INPUT DATA:
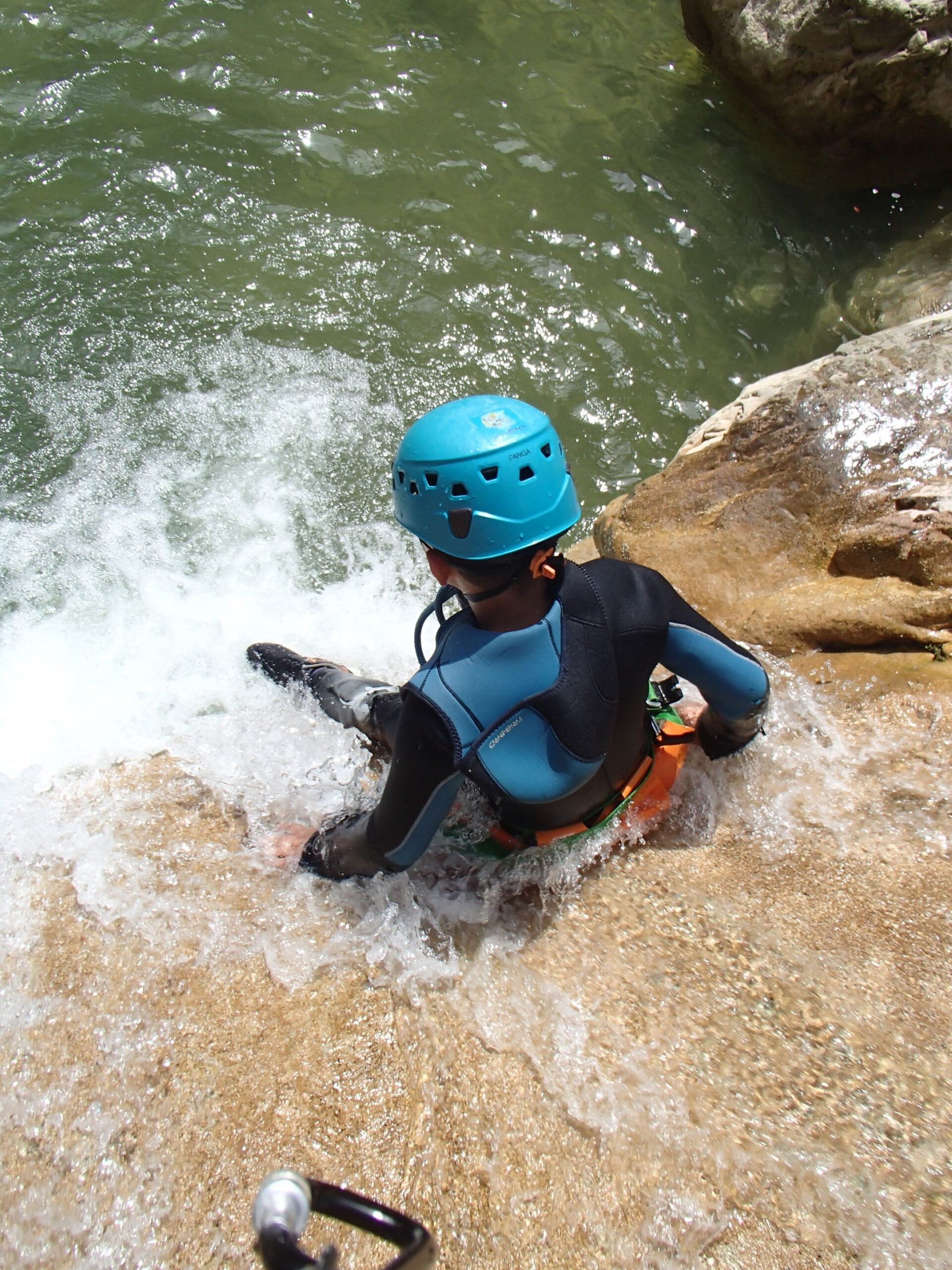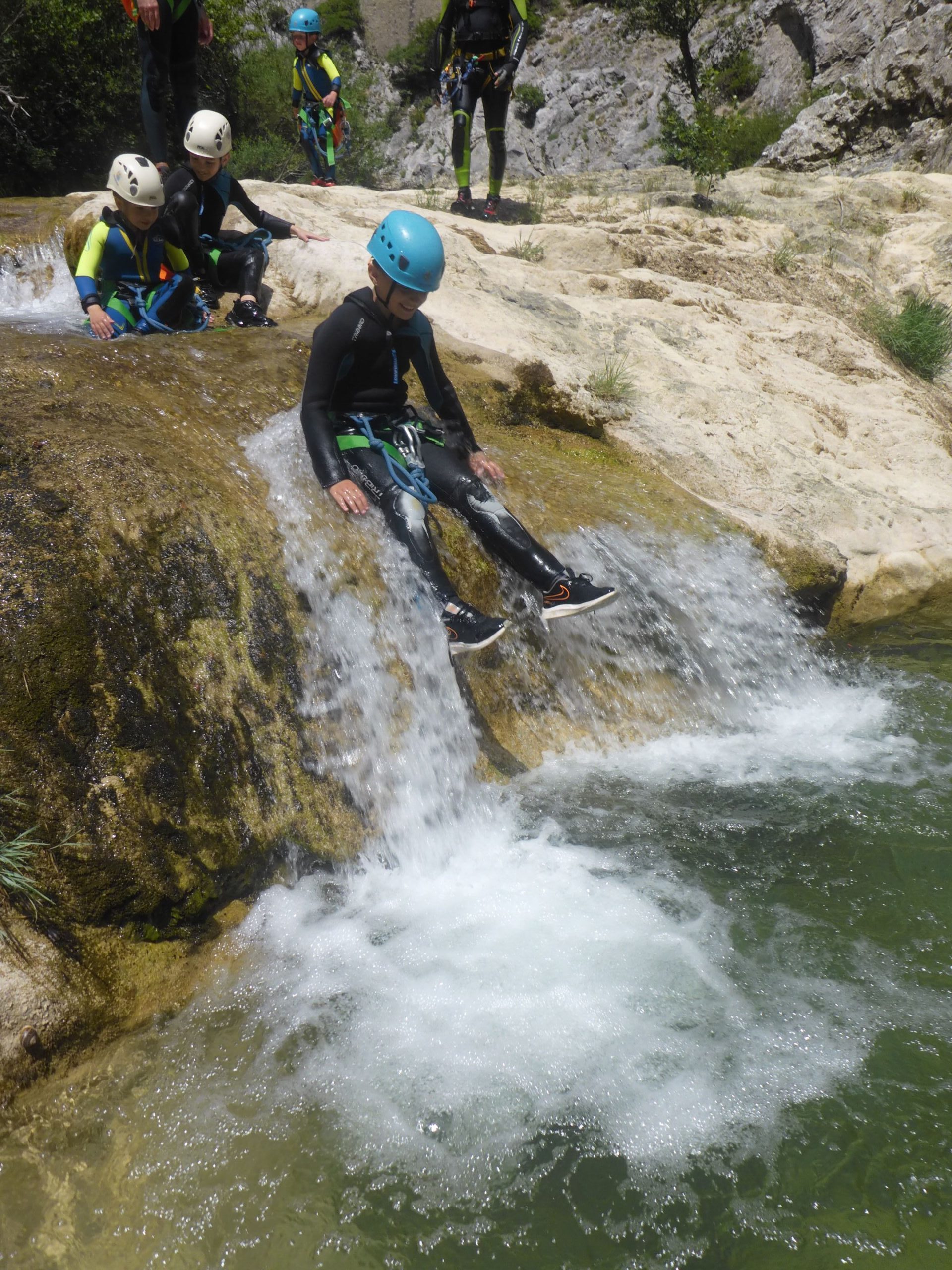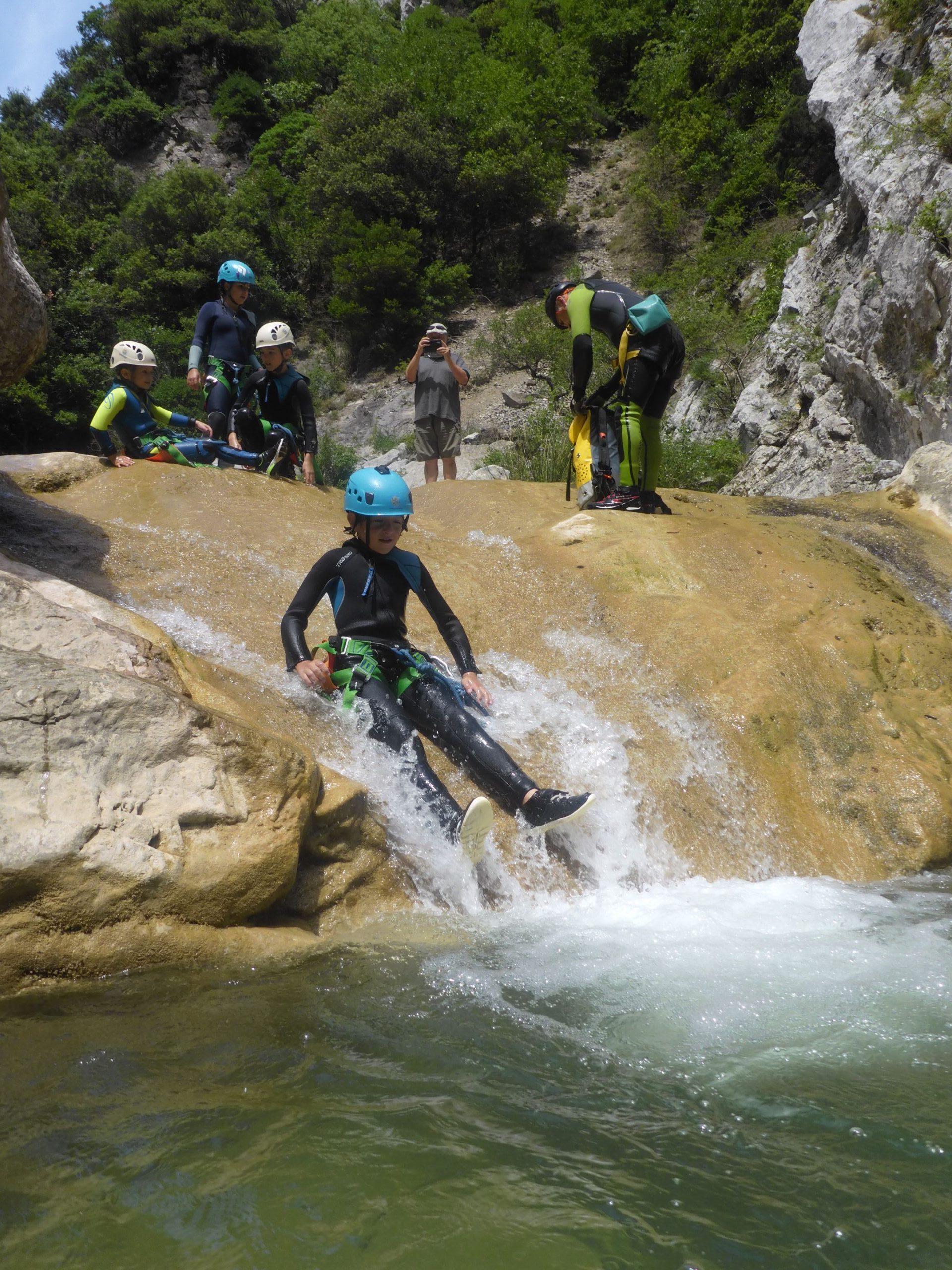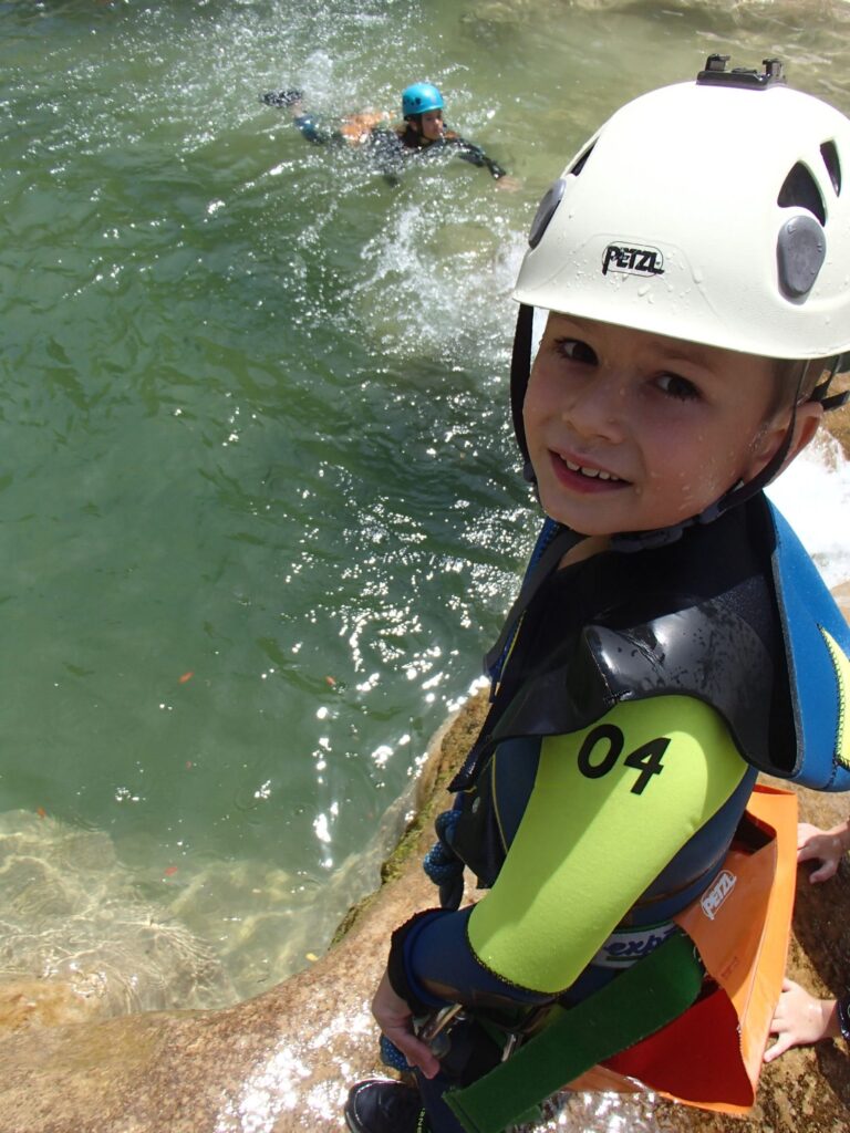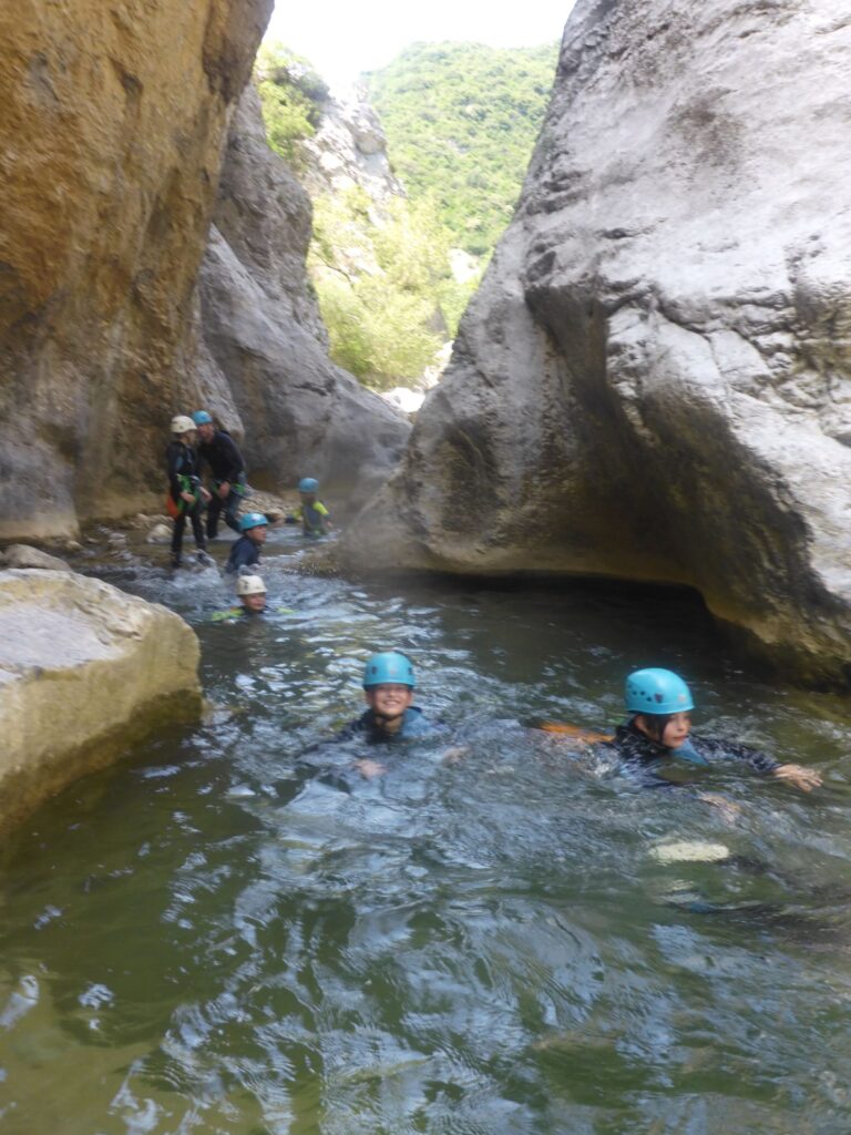 Il faut savoir nager et avoir de l’endurance. Ce parcours ludique avec marches d’approche et de retour, sauts, nages, désescalades, marches exige une certaine dépense d’énergie durant ces deux heures d’efforts. Cette descente s’effectue dans l’eau froide, moments rafraichissants ces temps de fortes chaleurs. Les petits canyonneurs ont adoré.
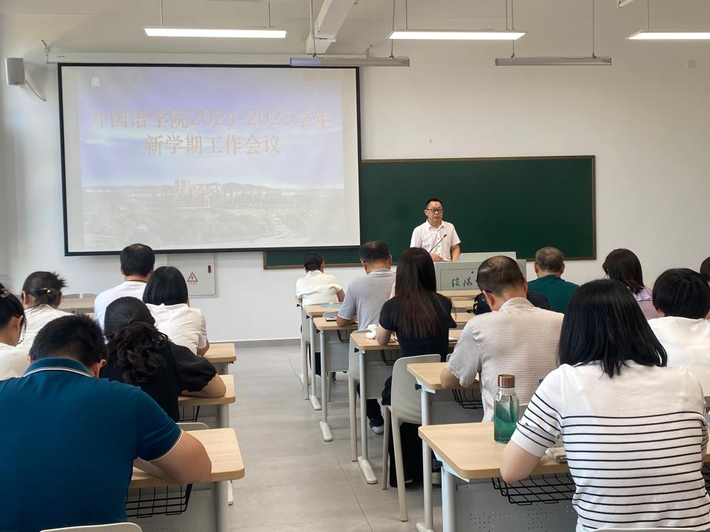 8月31日下午,外国语学院在南湖校区413教室召开2024--2025学年新学期工作会议。外国语学院院长罗德喜、班子成员和全体教师参加了会议。
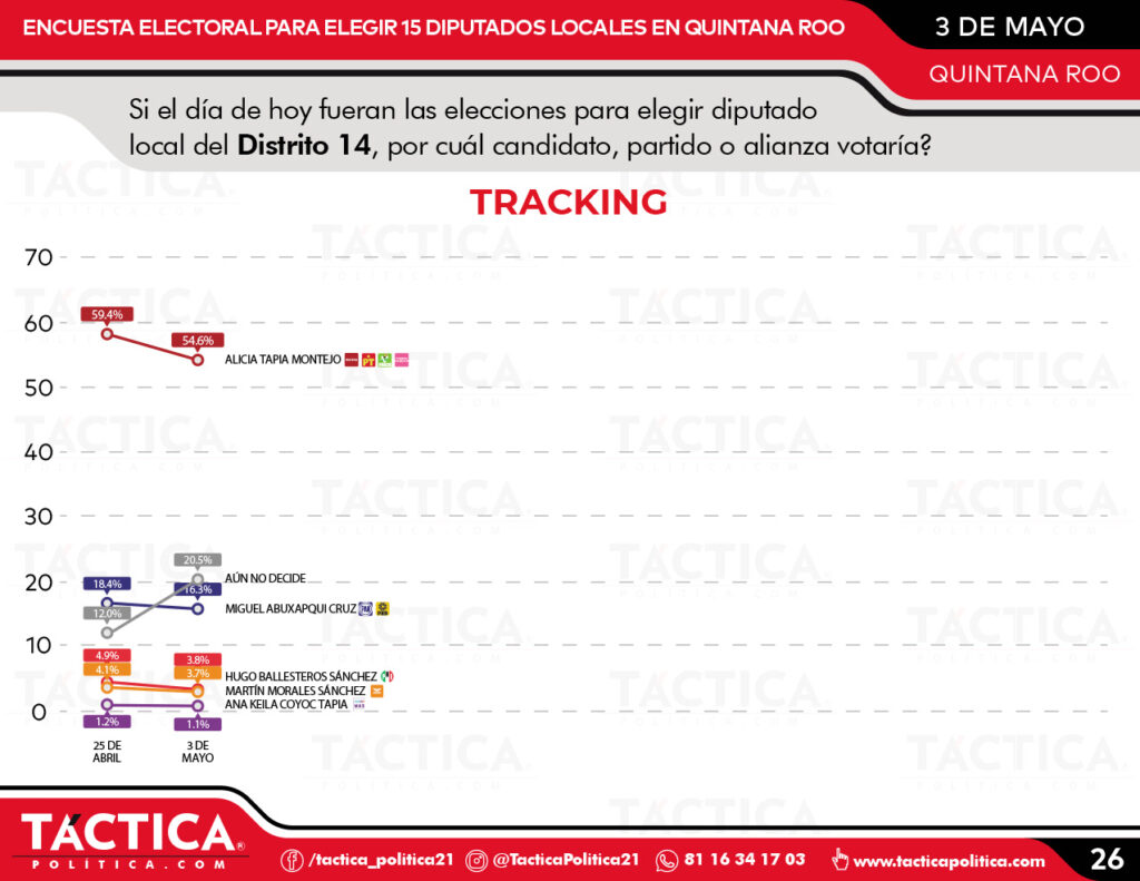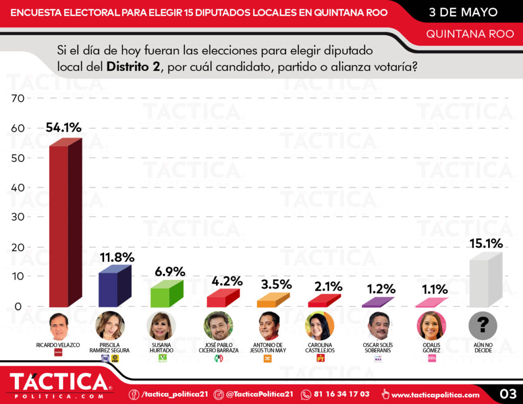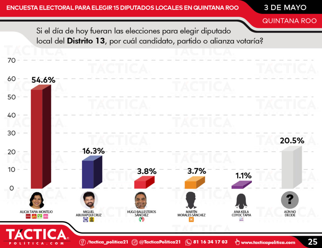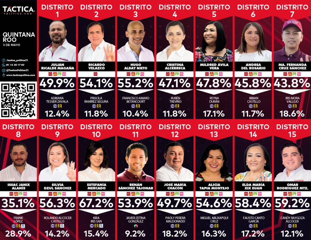 Cancún (Marcrix Noticias).- De acuerdo con la última encuesta hecha por “Táctica Política”, la coalición “Juntos Hacemos Historia” integrada por Morena, Partido Verde Ecologista, del Trabajo y Fuerza por México estaría arrasando en los 15 distritos electorales para las diputaciones locales de Quintana Roo.

TASK INSTRUCTIONS:
Every line of the listing above is to be set down verbatim, without the pictures.

RESPONSE TO THIS TASK:
 Il faut savoir nager et avoir de l’endurance. Ce parcours ludique avec marches d’approche et de retour, sauts, nages, désescalades, marches exige une certaine dépense d’énergie durant ces deux heures d’efforts. Cette descente s’effectue dans l’eau froide, moments rafraichissants ces temps de fortes chaleurs. Les petits canyonneurs ont adoré.
 8月31日下午,外国语学院在南湖校区413教室召开2024--2025学年新学期工作会议。外国语学院院长罗德喜、班子成员和全体教师参加了会议。
 Cancún (Marcrix Noticias).- De acuerdo con la última encuesta hecha por “Táctica Política”, la coalición “Juntos Hacemos Historia” integrada por Morena, Partido Verde Ecologista, del Trabajo y Fuerza por México estaría arrasando en los 15 distritos electorales para las diputaciones locales de Quintana Roo.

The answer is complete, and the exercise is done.